意訳:彼女との会話のテーマを変えるよう努めています。
variar を使った熟語・慣用句
特定の表現が定型句として固定化され、日常会話で独自のニュアンスを持つ場合があります。variar を含む代表的なイディオムを解説します。
para variar
前置詞 para を伴う para variar は、文字通りには「変化をつけるために」という意味になりますが、実際の日常会話では、逆説的な皮肉を込めて「いつも通り」「相変わらず」という意味で使われる場合もあります。期待を裏切らないネガティブな状況に対して、あきれたニュアンスを添える機能を持っています。

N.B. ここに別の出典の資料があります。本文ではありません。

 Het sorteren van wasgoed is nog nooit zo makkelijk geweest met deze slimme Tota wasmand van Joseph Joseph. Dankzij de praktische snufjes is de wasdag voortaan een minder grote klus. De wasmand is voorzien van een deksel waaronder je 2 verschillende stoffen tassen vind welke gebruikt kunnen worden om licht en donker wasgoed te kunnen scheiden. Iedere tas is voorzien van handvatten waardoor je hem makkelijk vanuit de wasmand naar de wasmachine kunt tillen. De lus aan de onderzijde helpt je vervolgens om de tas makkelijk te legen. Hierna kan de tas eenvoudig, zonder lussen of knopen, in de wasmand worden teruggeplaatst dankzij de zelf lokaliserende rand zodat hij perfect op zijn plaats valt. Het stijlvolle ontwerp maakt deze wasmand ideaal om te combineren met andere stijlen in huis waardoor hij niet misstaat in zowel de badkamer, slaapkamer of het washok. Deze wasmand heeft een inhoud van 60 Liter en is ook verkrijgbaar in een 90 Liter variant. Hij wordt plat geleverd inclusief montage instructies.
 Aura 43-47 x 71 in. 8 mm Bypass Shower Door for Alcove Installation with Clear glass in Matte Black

Para variar, el bus llegó tarde.
直訳:変化をつけるために、そのバスは遅れて到着した。
意訳:相変わらず、バスは遅れて到着した。
Hoy también está lloviendo, para variar.
直訳:今日もまた雨が降っている、変化をつけるために。
意訳:いつも通り、今日も雨が降っている。
Olvidé la llave en casa, para variar.
直訳:私は変化をつけるために、家に鍵を忘れた。
意訳:相変わらず、家に鍵を忘れてしまった。
類義語 cambiar との違い・使い分け
学習者が混同しやすい動詞 cambiar との違いについて比較します。
- cambiar は「代替・交換」のイメージ。ある対象を別の対象へと置き換える行為などを指すことが多いです。例えば、乗車する電車を別の路線に変える、古い通貨を新しい通貨に両替する、といった場面では cambiar が適しています。

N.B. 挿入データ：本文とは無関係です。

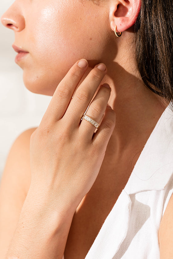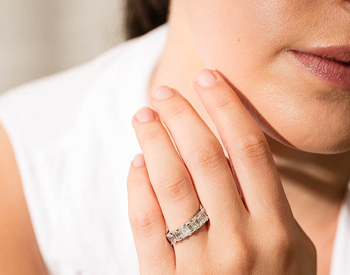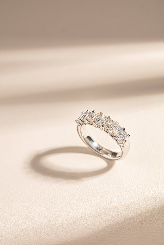 Presenting a ring symbolic of a never-ending river of paradise, Asra pays tribute to the nighttime traveller. A luxurious display of emerald-cut diamonds punctuates its brilliance set for seamless sparkle giving it a spirit of timeless glamour.
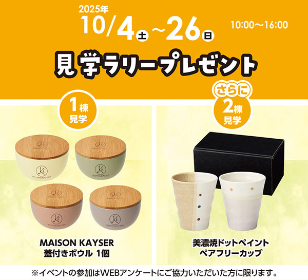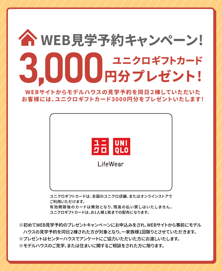 ※初めてWEB見学予約のプレゼントキャンペーンにお申込みをされ、WEBサイトから事前にモデルハウスの見学予約をされた方が対象となり、一家族様1回限りとさせていただきます。※プレゼントはセンターハウスでアンケートにご協力いただいた方にお渡しいたします。※モデルハウスのご見学、または住まいに関するご相談をされた方に限ります。
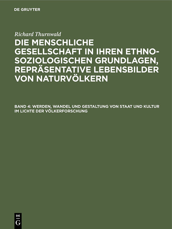 Richard Thurnwald: Die menschliche Gesellschaft in ihren ethno-soziologischen... / Werden, Wandel und Gestaltung von Staat und Kultur im Lichte der Völkerforschung
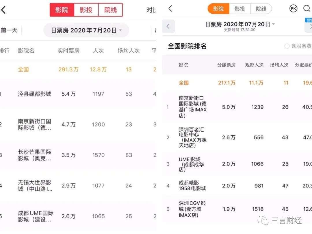 对比影院数据可以发现,猫眼专业版前三分别是泾县绿都影城、南京新街口国际影城、长沙芒果国际影城。
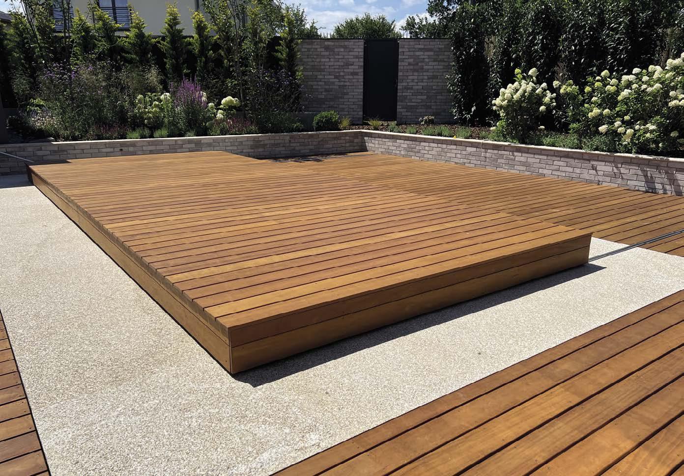 Umoderního domu vypadá dřevěná terasa vkombinaci skamenem vždy dobře. Pod vyvýšenou dřevěnou terasou je zde přitom ukryt bazén – stačí terasu jen posunout, aona tak vytvoří „molo" vedle bazénu.
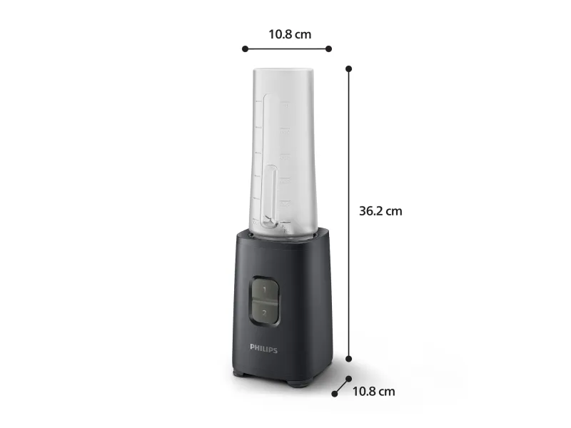 Philips HR2040/00. Type: Tabletop blender, Cord length: 0.85 m. Rotational speed (max): 25000 RPM, Control type: Buttons, Noise level: 86 dB. Housing material: Metal, Blade material: Stainless steel, Material jar(s): PP. Power: 350 W, Power source: AC, AC input voltage: 230 V. Width: 108 mm, Depth: 108 mm, Height: 362 mm
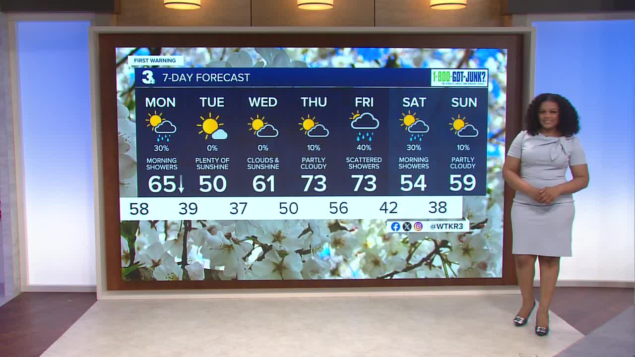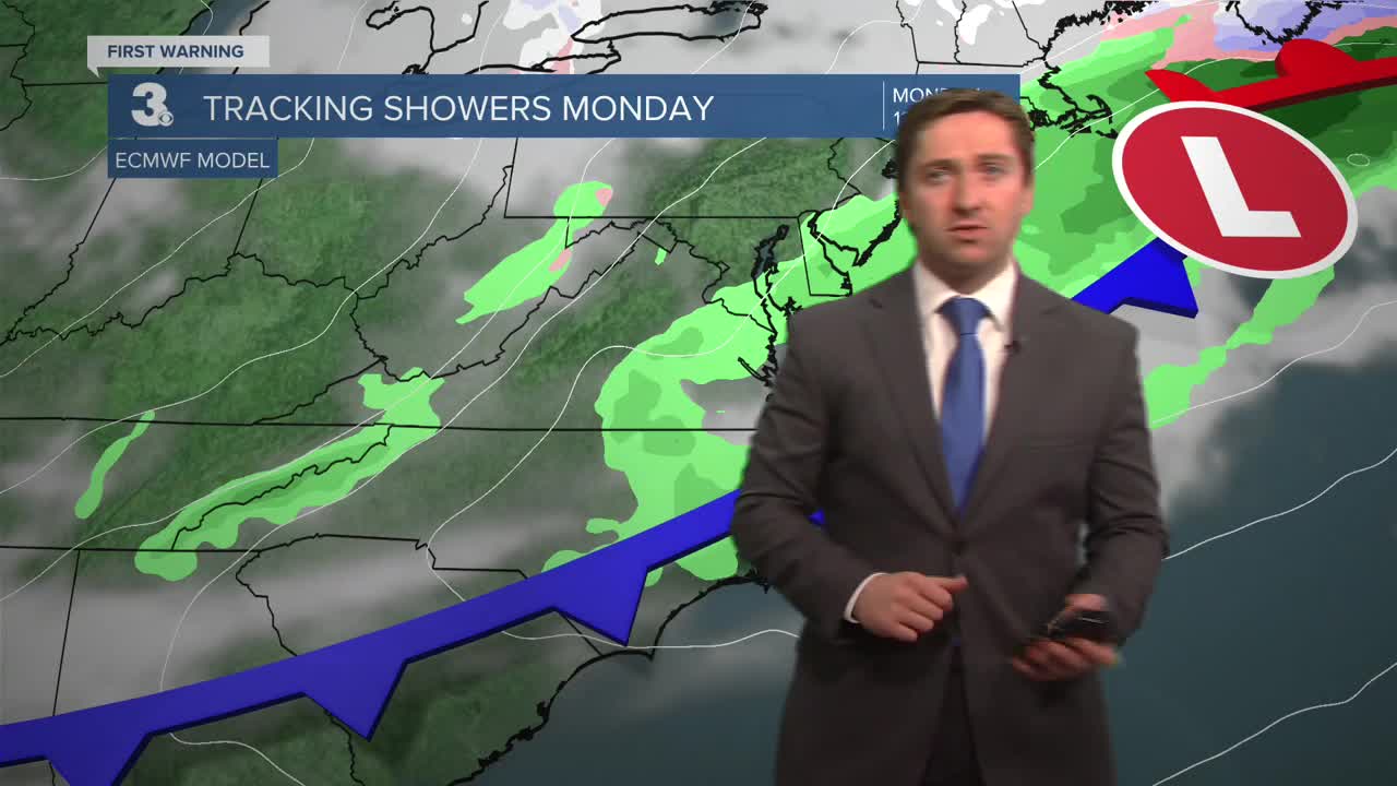 Clouds build in overnight ahead of our next cold front. Monday morning will be mild with temperatures in the 60s and 70s with a few isolated showers. The rain and clouds clear out by the afternoon. As the cold front crosses the region, temperatures will be falling throughout the day.
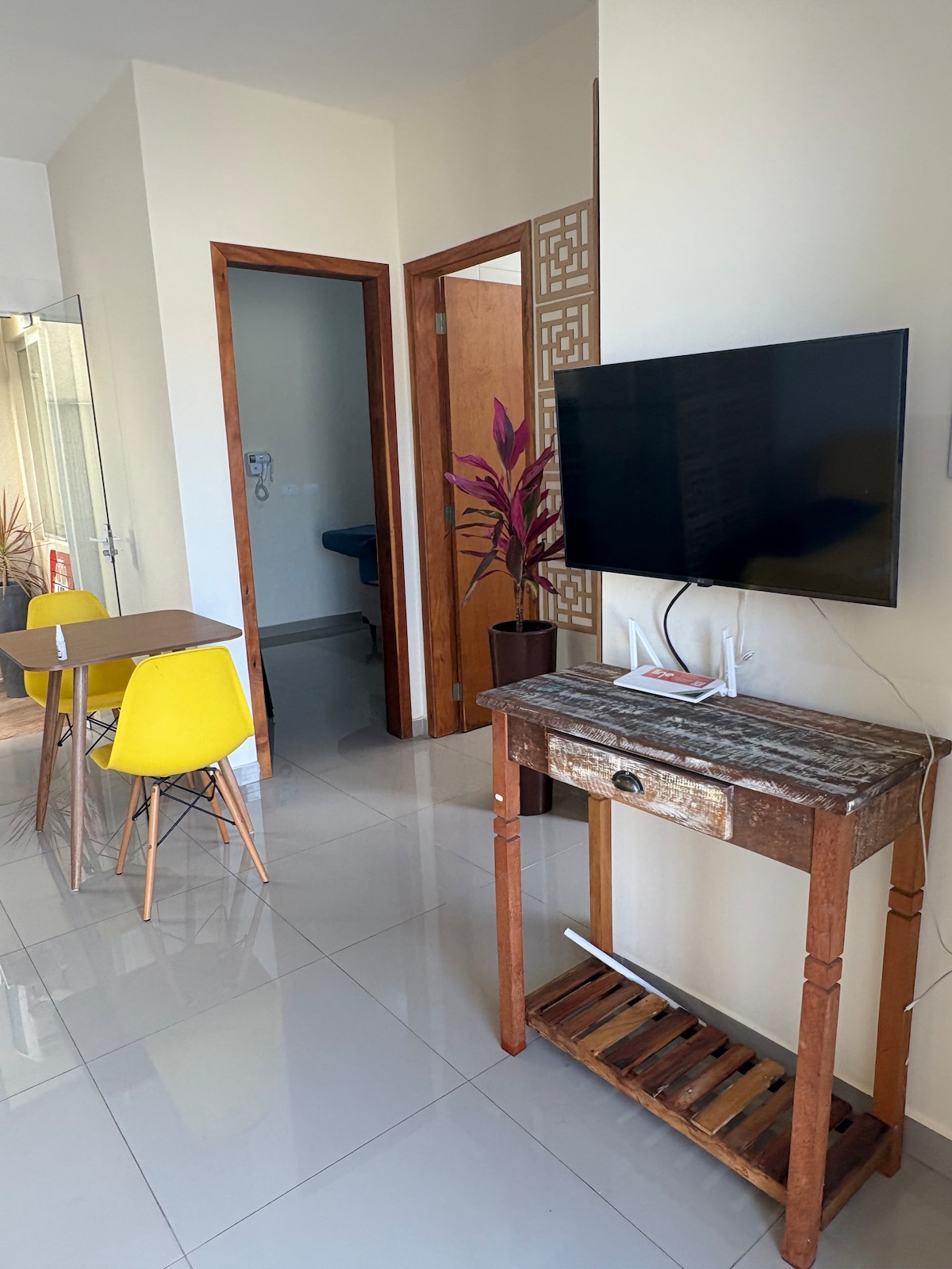 O Estúdio Surfe é um espaço organizado para fazer um churrasquinho ou um jantar depois daquele dia na praia, que fica bem na frente da propriedade. Também possui um terraço com vista panorâmica para o mar! ATENÇÃO: Não oferece roupas de cama e banho. Os travesseiros e colchões são ofertados com capas protetoras. Algumas áreas podem ser compartilhadas como os pátios, o terraço e as garagens. OBS: Possui 1 vaga de garagem. Oferece cadeiras de praia, cooler e carrinho de praia.

- variar は「変様・多様化」のイメージ。対象の存在そのものは維持したまま、その内実の数値や構成要素に揺らぎを持たせる、あるいは選択肢を増やすといった場面で使われます。勤務時間が変わる場合、仕事自体を辞めて別の仕事にするのではなく、同じ仕事の枠内で時間帯が変動するため variar が適しています。
料理の場面で例えると、メニュー自体を別皿に差し替える行為は cambiar となり、同一の料理の中で味付けや具材に変化を持たせる行為は variar と表現されます。
まとめ
スペイン語の動詞 variar の特徴を以下にまとめます。
- 活用は ar 動詞の規則パターンに準ずるが、現在形などで語幹の i にアクセント記号(ティルデ)を必要とする箇所がある。

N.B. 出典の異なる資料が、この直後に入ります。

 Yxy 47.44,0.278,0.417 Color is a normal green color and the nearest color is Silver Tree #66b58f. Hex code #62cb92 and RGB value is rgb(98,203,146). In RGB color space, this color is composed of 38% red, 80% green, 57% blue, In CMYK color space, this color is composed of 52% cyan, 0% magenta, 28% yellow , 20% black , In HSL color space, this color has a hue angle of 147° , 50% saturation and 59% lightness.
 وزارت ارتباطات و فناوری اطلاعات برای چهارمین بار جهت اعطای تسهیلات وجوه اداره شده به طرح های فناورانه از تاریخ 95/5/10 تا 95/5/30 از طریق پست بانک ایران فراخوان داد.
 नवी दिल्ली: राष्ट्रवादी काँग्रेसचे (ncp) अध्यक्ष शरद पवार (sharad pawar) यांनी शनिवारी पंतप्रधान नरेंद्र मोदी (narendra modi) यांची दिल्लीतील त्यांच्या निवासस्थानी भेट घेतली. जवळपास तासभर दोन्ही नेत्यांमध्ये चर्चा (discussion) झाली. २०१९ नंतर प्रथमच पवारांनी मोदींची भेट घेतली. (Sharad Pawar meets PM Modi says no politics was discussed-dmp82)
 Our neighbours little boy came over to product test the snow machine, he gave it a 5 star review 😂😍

- コアイメージは「一定の枠組み内での状態の変動・多様化」であり、価格や天気の変動、内容にバリエーションを出す際に用いられる。
- 別のものへ置き換える cambiar とはニュアンスが異なり、枠組みの維持(variar)か交換(cambiar)かで使い分けられることが多い。
- 熟語 para variar は、口語において「相変わらず」「いつも通り」という皮肉を込めた表現としてよく使用される。